What is being asked
Only the lines from the one with "Group Task Functions" through the end of the data below belong in the answer, restated word for word, pictures excluded.

Data extracted from a collection
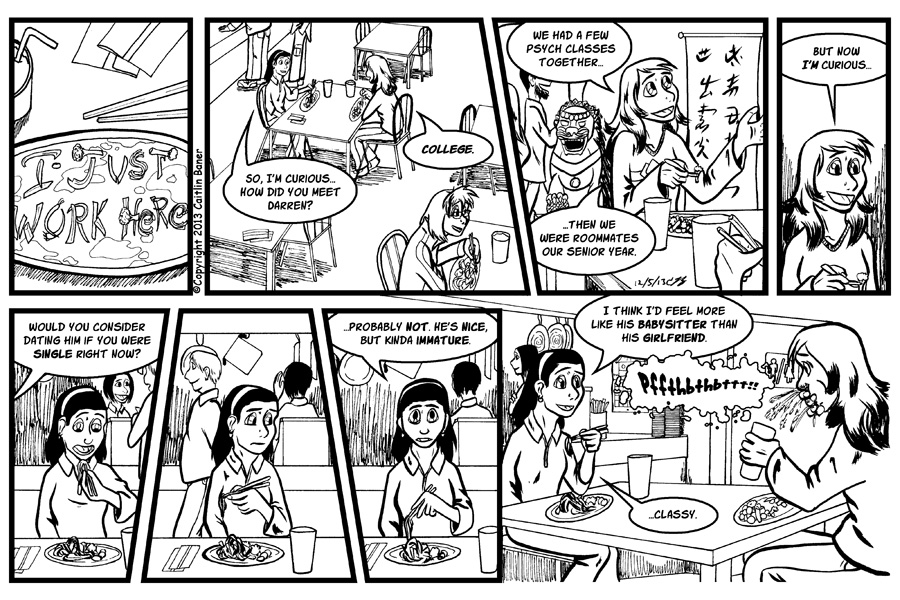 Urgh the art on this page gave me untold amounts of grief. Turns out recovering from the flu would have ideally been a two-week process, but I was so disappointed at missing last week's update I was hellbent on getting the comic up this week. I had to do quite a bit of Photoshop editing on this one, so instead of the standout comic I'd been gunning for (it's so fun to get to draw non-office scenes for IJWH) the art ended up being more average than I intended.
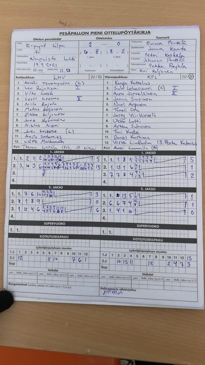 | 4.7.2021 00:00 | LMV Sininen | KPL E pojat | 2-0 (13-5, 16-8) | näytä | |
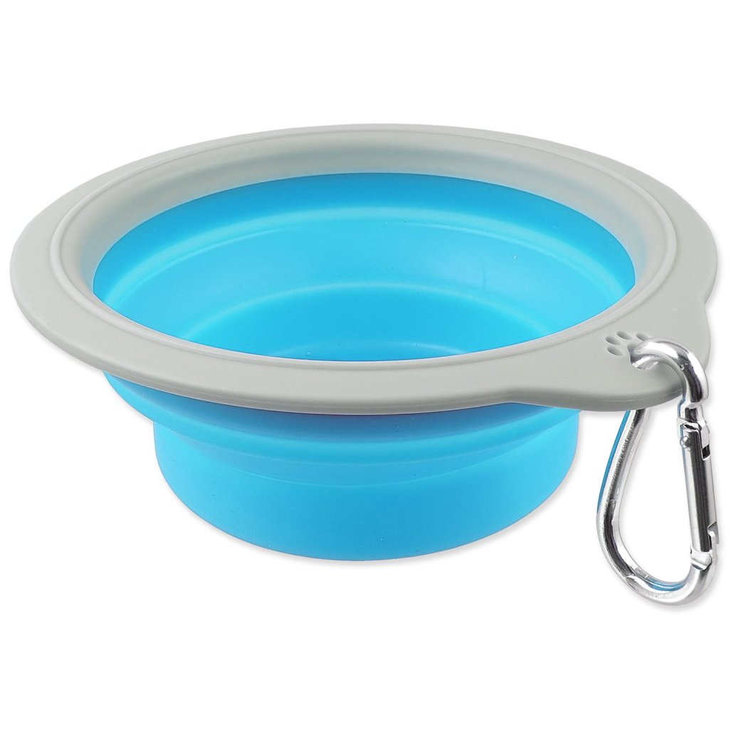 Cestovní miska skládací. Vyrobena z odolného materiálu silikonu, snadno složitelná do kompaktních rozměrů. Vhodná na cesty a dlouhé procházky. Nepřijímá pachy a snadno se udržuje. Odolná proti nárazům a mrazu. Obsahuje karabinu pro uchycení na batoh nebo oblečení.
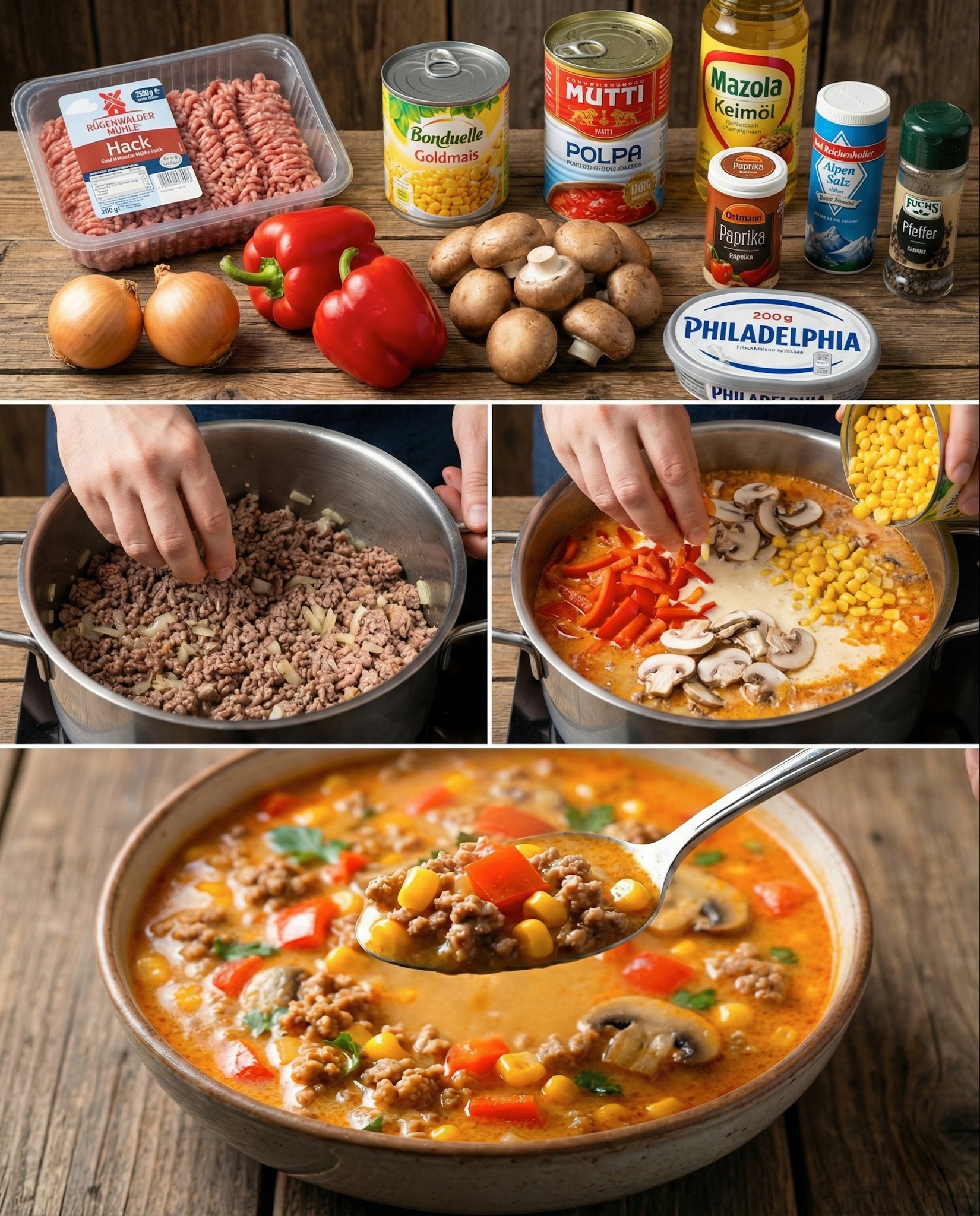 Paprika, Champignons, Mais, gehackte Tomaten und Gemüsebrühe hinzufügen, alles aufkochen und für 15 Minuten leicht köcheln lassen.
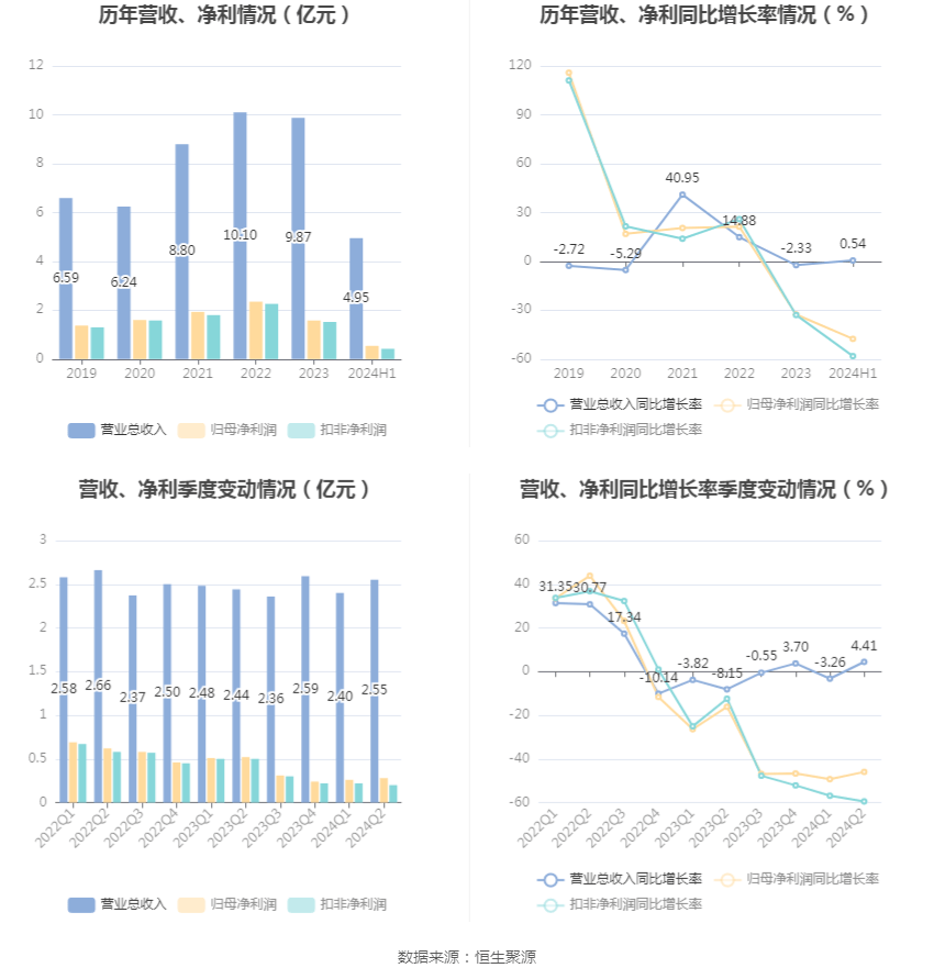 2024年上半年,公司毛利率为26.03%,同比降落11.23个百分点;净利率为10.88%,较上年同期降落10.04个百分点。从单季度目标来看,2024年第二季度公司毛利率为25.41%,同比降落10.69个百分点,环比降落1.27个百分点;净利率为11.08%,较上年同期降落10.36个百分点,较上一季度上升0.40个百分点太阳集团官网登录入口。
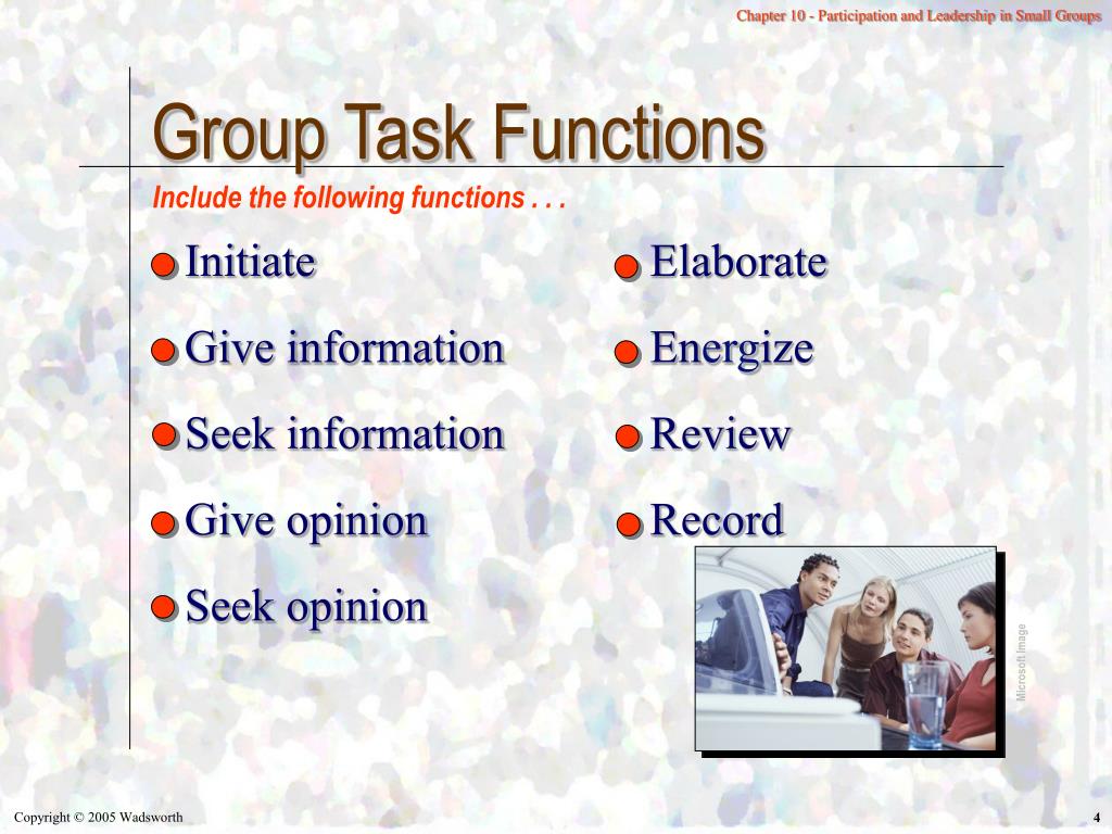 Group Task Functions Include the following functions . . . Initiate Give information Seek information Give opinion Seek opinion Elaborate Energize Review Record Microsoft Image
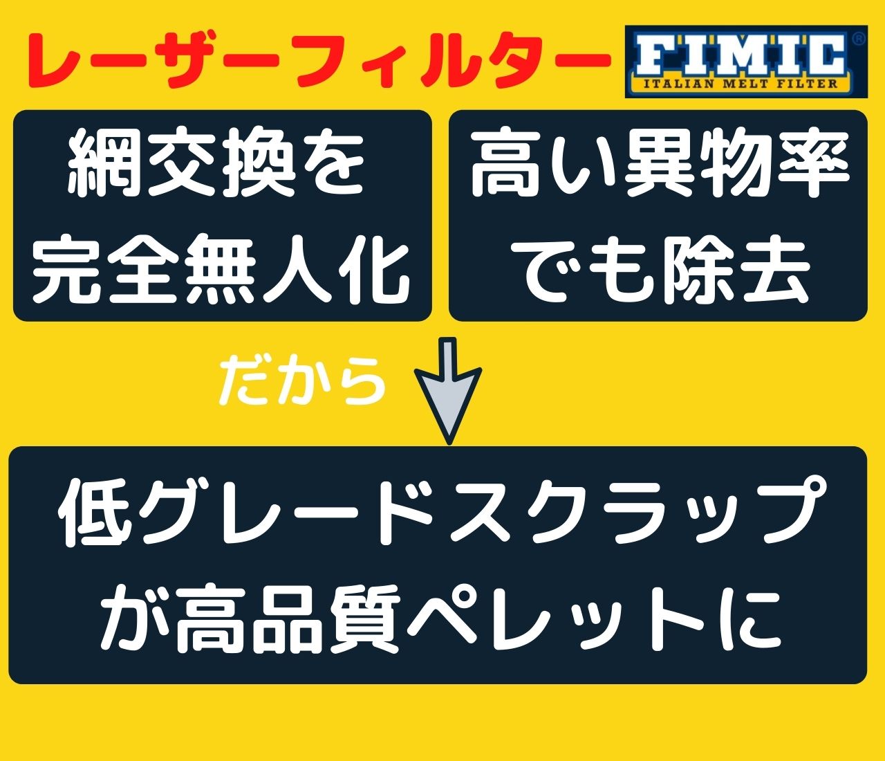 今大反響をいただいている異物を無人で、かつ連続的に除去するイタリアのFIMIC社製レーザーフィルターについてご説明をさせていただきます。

Exercise solution
 Group Task Functions Include the following functions . . . Initiate Give information Seek information Give opinion Seek opinion Elaborate Energize Review Record Microsoft Image
 今大反響をいただいている異物を無人で、かつ連続的に除去するイタリアのFIMIC社製レーザーフィルターについてご説明をさせていただきます。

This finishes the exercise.